### WHAT YOU SHOULD DO
Filter the entries down to the lines holding "with", then copy those lines.

### DATA RECORDS
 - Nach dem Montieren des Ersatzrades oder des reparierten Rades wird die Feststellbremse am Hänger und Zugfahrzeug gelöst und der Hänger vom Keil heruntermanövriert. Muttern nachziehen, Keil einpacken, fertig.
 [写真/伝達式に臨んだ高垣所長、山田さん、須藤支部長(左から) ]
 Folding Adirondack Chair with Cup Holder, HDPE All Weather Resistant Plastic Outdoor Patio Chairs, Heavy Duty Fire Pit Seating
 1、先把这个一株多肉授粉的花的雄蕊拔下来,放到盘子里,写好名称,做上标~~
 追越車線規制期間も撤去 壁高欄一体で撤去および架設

* * *

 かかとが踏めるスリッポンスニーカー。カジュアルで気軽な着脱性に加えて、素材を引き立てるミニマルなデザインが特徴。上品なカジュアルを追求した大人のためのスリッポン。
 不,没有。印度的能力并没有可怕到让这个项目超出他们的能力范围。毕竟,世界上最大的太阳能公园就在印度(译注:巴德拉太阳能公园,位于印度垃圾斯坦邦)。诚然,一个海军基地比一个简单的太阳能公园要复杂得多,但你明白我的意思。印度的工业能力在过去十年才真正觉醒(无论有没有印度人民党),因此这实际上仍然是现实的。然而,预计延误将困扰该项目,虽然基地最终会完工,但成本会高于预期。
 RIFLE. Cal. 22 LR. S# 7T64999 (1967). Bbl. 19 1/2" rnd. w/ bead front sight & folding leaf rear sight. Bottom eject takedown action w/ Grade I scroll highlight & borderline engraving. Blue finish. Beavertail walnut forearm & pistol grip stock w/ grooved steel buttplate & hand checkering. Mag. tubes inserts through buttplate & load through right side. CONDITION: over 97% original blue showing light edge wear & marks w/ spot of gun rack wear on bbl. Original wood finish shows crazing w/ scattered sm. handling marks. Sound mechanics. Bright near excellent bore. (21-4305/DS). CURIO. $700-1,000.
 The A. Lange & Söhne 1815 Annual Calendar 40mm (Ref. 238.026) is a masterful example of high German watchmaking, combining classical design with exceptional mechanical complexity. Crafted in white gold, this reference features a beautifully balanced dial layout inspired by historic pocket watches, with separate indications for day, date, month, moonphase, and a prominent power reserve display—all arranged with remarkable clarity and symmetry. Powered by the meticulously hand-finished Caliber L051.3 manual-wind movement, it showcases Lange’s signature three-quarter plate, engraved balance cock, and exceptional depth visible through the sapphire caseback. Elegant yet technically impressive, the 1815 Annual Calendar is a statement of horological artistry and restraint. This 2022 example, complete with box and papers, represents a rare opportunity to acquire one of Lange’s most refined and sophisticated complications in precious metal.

### WRITTEN ANSWER
 Folding Adirondack Chair with Cup Holder, HDPE All Weather Resistant Plastic Outdoor Patio Chairs, Heavy Duty Fire Pit Seating
 The A. Lange & Söhne 1815 Annual Calendar 40mm (Ref. 238.026) is a masterful example of high German watchmaking, combining classical design with exceptional mechanical complexity. Crafted in white gold, this reference features a beautifully balanced dial layout inspired by historic pocket watches, with separate indications for day, date, month, moonphase, and a prominent power reserve display—all arranged with remarkable clarity and symmetry. Powered by the meticulously hand-finished Caliber L051.3 manual-wind movement, it showcases Lange’s signature three-quarter plate, engraved balance cock, and exceptional depth visible through the sapphire caseback. Elegant yet technically impressive, the 1815 Annual Calendar is a statement of horological artistry and restraint. This 2022 example, complete with box and papers, represents a rare opportunity to acquire one of Lange’s most refined and sophisticated complications in precious metal.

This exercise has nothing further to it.